# RAW DATA:
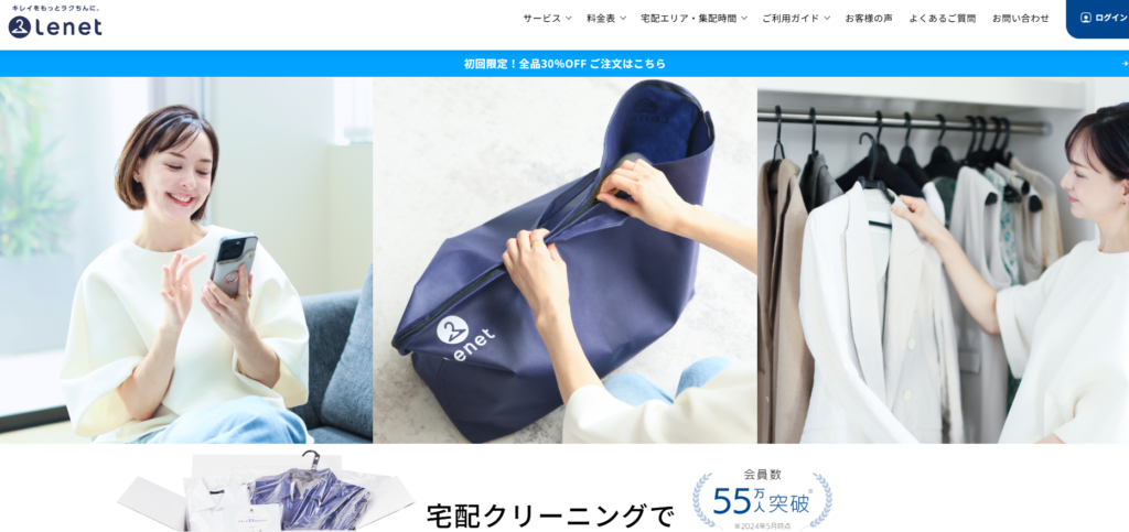 リネットは宅配専門のクリーニングサービスで、スマホ完結・集荷無料が特徴。自宅にいながら24時間申し込みできる利便性は、忙しい共働き夫婦の強い味方です。プレミアム会員なら最短2日仕上げにも対応。さらに「再仕上げ無料保証」付きで安心感も高いです。
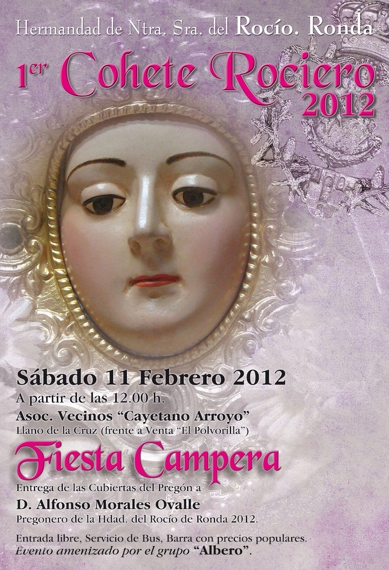Recordaros, que para el Sábado 11 de Febrero de 2012 estamos organizando el I Cohete Rociero 2012, donde se hara entrega de las cubiertas del pregón a D. Alfonso Morales Ovalle, pregonero de la Hdad. del Rocío de Ronda 2012. La entrada es libre, tendremos servicio de autobús, barra con precios populares y todo amenizado por el grupo «Albero». Adjunto cartel anunciador del evento.
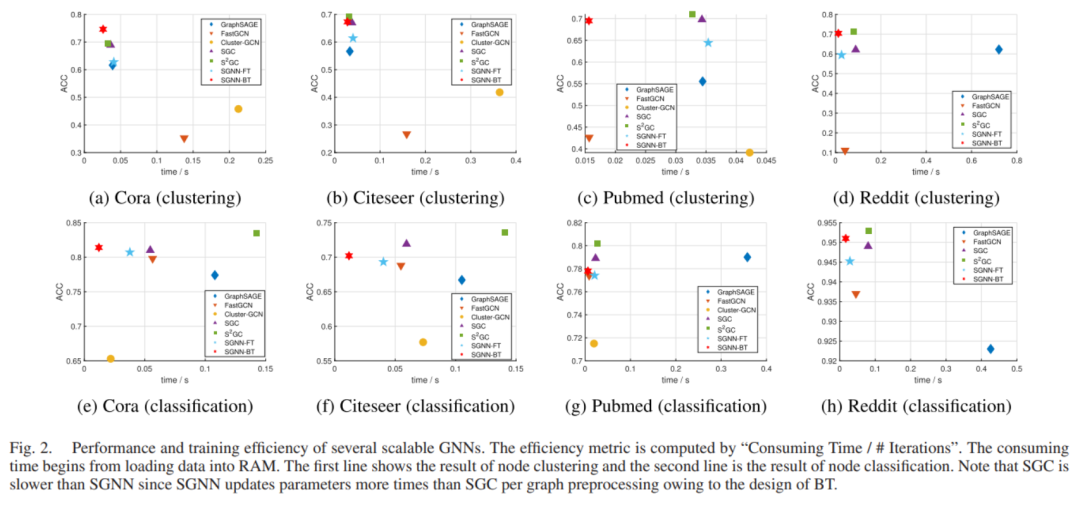 效率:图2显示了在Pubmed和Reddit上几种GNN的消耗时间,这些GNN具有更高的效率。我们不仅忽略了预处理操作,还测量了效率,即从将数据加载到RAM后开始,直到完成所有参数更新的总时间除以GNNs的更新参数总数。这种度量可以反映旨在将基于批量的算法应用于GNN的不同训练技术之间的真实差异。需要强调的是,SGC在消耗时间上比SGNN差的原因。关键是它们的预处理操作的成本不同。对于一个L阶SGC, 计算 的计算成本至少为 , 而具有L个一阶模块的SGNN总共需要 进行相同的预处理操作。该度量还为SGC和其他模型之间的公平比较提供了依据, 因为停止标准总是不同的。
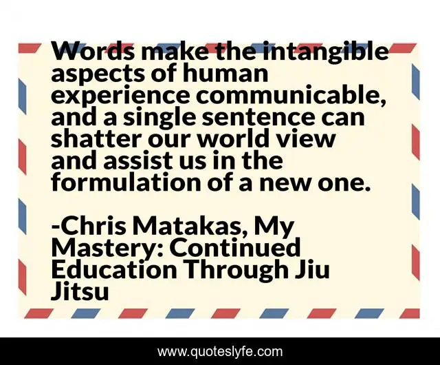 This page presents the quote "Words make the intangible aspects of human experience communicable, and a single sentence can shatter our world view and assist us in the formulation of a new one.". Author of this quote is Chris Matakas, My Mastery: Continued Education Through Jiu Jitsu. This quote is about communication, perception, thoughts, words, quotes,.

# TASK PROMPT:
Using the data above, give again exactly the lines starting at the one holding "Recordaros, que para" and ending at the one holding "的计算成本至少为 , 而具有L个一阶模块的SGNN总共需要", inclusive, and nothing more. Omit the pictures.

# SOLUTION BELOW:
Recordaros, que para el Sábado 11 de Febrero de 2012 estamos organizando el I Cohete Rociero 2012, donde se hara entrega de las cubiertas del pregón a D. Alfonso Morales Ovalle, pregonero de la Hdad. del Rocío de Ronda 2012. La entrada es libre, tendremos servicio de autobús, barra con precios populares y todo amenizado por el grupo «Albero». Adjunto cartel anunciador del evento.
 效率:图2显示了在Pubmed和Reddit上几种GNN的消耗时间,这些GNN具有更高的效率。我们不仅忽略了预处理操作,还测量了效率,即从将数据加载到RAM后开始,直到完成所有参数更新的总时间除以GNNs的更新参数总数。这种度量可以反映旨在将基于批量的算法应用于GNN的不同训练技术之间的真实差异。需要强调的是,SGC在消耗时间上比SGNN差的原因。关键是它们的预处理操作的成本不同。对于一个L阶SGC, 计算 的计算成本至少为 , 而具有L个一阶模块的SGNN总共需要 进行相同的预处理操作。该度量还为SGC和其他模型之间的公平比较提供了依据, 因为停止标准总是不同的。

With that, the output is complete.